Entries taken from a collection
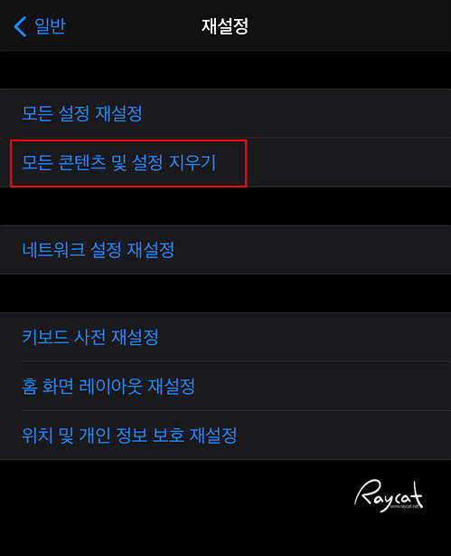설정 -> 일반 -> 재설정 -> 모든 콘텐츠 및 설정 지우기를 선택하고 실행합니다. 자 그러면 아이폰의 모든 데이터가 삭제되고 초기화 됩니다.
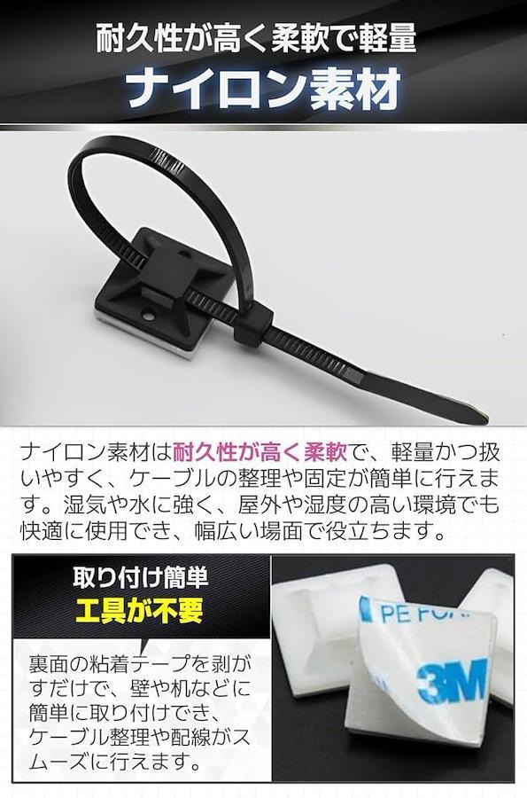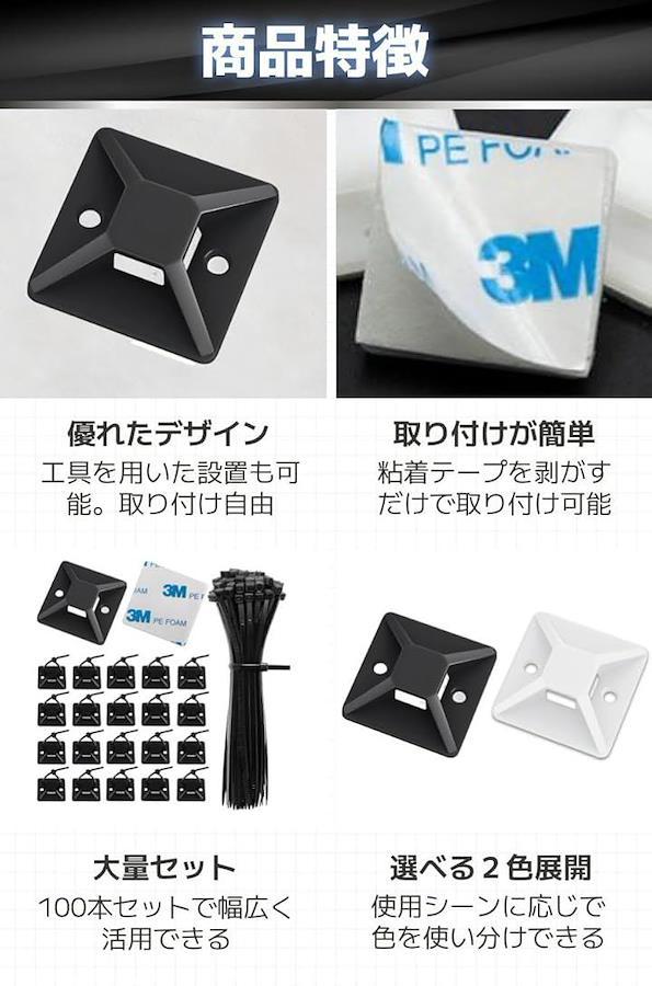 取り付け自由/(2)取り付けが簡単:粘着テープを剥がすだけで取り付け可能/(3)大量セット:100本セットで幅広く活用できる/(4)選べる2色展開:使用シーンに応じで色を使い分けできる
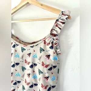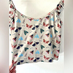 Kortni Jeane Taupe Moth Pattern Ruffle Strap Swim Tank Mix & Match Medium
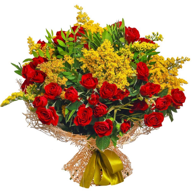 Букет состоит из 9 кустовых роз, 8 веток мимозы, зелень, красивая упаковка, атласная лента.
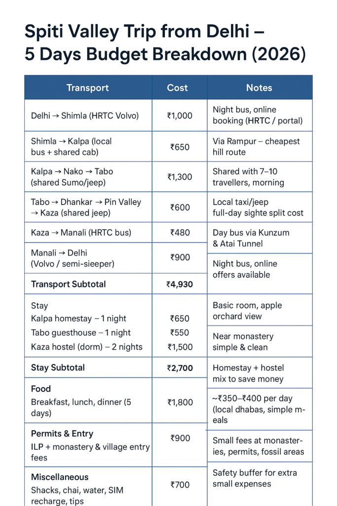 This 2026 Spiti Valley budget travel guide from Delhi includes:

> **EXERCISE DIRECTIONS**:
Restate the records word for word and drop the images.

> **ANSWER TO THIS TASK**:
설정 -> 일반 -> 재설정 -> 모든 콘텐츠 및 설정 지우기를 선택하고 실행합니다. 자 그러면 아이폰의 모든 데이터가 삭제되고 초기화 됩니다.
 取り付け自由/(2)取り付けが簡単:粘着テープを剥がすだけで取り付け可能/(3)大量セット:100本セットで幅広く活用できる/(4)選べる2色展開:使用シーンに応じで色を使い分けできる
 Kortni Jeane Taupe Moth Pattern Ruffle Strap Swim Tank Mix & Match Medium
 Букет состоит из 9 кустовых роз, 8 веток мимозы, зелень, красивая упаковка, атласная лента.
 This 2026 Spiti Valley budget travel guide from Delhi includes:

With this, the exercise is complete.